#### [GIVEN DATA]
----

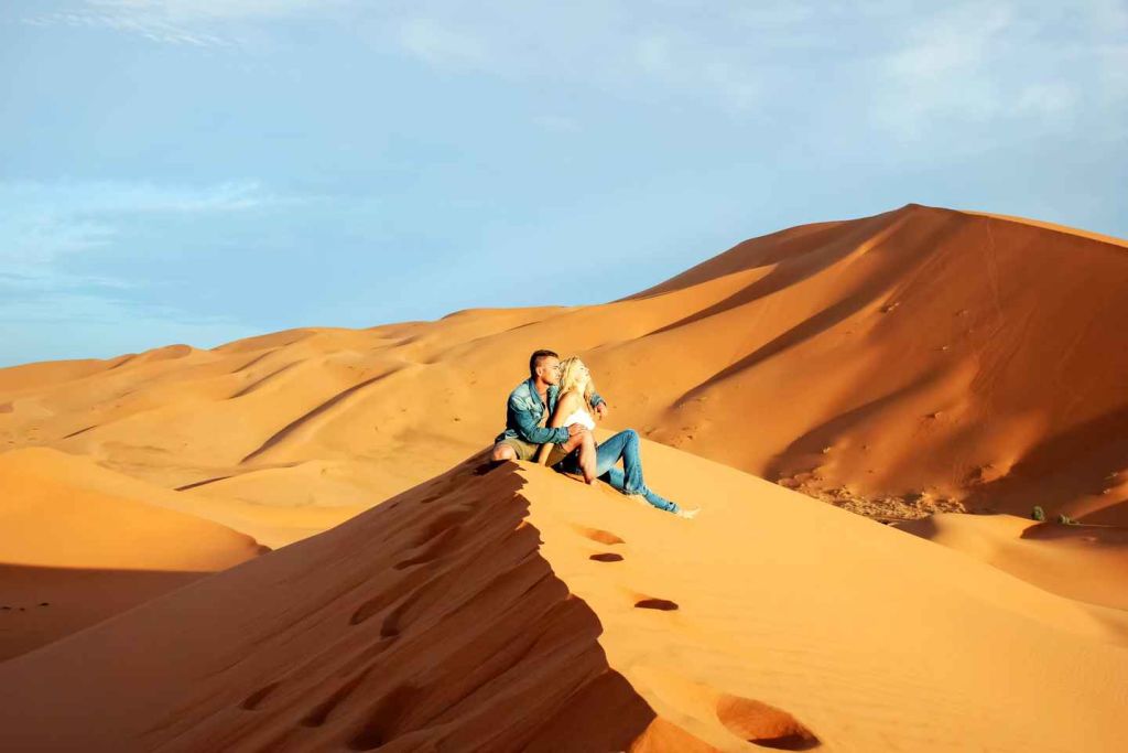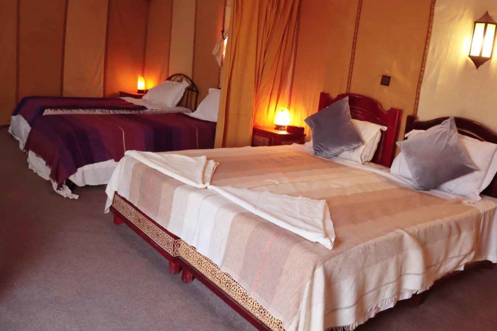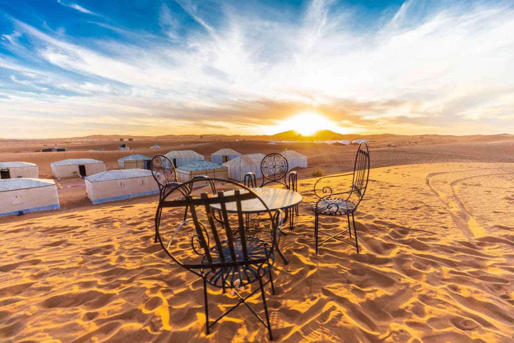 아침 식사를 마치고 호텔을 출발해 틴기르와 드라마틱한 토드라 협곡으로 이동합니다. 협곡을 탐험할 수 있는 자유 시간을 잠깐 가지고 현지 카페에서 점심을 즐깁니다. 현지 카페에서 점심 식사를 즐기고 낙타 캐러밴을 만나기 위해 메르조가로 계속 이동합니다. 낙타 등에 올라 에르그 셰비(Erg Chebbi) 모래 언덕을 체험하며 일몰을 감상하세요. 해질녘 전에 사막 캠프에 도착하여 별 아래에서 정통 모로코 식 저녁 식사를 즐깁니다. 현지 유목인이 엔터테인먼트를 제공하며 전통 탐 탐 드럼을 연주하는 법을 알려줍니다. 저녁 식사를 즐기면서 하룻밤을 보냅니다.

----

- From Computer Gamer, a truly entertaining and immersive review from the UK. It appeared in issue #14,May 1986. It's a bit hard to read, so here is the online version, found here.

----

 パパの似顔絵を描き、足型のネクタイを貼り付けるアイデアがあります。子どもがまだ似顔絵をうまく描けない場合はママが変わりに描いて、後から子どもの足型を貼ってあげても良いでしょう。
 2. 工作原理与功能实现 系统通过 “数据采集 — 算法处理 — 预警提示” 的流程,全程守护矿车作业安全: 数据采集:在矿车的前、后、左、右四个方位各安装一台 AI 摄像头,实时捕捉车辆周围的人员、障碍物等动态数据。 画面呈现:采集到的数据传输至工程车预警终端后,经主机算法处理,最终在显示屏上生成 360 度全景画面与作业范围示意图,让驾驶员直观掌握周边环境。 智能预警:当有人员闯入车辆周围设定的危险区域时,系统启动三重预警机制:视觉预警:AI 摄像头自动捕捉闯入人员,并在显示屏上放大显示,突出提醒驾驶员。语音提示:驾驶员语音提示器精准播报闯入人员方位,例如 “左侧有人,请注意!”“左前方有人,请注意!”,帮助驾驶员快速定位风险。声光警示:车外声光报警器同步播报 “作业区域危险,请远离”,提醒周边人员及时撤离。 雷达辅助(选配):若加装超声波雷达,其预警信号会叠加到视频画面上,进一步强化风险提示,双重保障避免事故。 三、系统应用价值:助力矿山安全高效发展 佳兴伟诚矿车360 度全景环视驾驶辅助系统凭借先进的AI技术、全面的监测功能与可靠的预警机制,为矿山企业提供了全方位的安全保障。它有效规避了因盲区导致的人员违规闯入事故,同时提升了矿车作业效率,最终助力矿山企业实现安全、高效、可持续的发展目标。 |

----

#### [EXERCISE AIM]
Reproduce verbatim only the segment of the listing bounded by the line containing "パパの似顔絵を描き、足型のネ" and the line containing "2. 工作原理与功能实现 系统通过", with both boundary lines included.

#### [ANSWER BELOW]
 パパの似顔絵を描き、足型のネクタイを貼り付けるアイデアがあります。子どもがまだ似顔絵をうまく描けない場合はママが変わりに描いて、後から子どもの足型を貼ってあげても良いでしょう。
 2. 工作原理与功能实现 系统通过 “数据采集 — 算法处理 — 预警提示” 的流程,全程守护矿车作业安全: 数据采集:在矿车的前、后、左、右四个方位各安装一台 AI 摄像头,实时捕捉车辆周围的人员、障碍物等动态数据。 画面呈现:采集到的数据传输至工程车预警终端后,经主机算法处理,最终在显示屏上生成 360 度全景画面与作业范围示意图,让驾驶员直观掌握周边环境。 智能预警:当有人员闯入车辆周围设定的危险区域时,系统启动三重预警机制:视觉预警:AI 摄像头自动捕捉闯入人员,并在显示屏上放大显示,突出提醒驾驶员。语音提示:驾驶员语音提示器精准播报闯入人员方位,例如 “左侧有人,请注意!”“左前方有人,请注意!”,帮助驾驶员快速定位风险。声光警示:车外声光报警器同步播报 “作业区域危险,请远离”,提醒周边人员及时撤离。 雷达辅助(选配):若加装超声波雷达,其预警信号会叠加到视频画面上,进一步强化风险提示,双重保障避免事故。 三、系统应用价值:助力矿山安全高效发展 佳兴伟诚矿车360 度全景环视驾驶辅助系统凭借先进的AI技术、全面的监测功能与可靠的预警机制,为矿山企业提供了全方位的安全保障。它有效规避了因盲区导致的人员违规闯入事故,同时提升了矿车作业效率,最终助力矿山企业实现安全、高效、可持续的发展目标。 |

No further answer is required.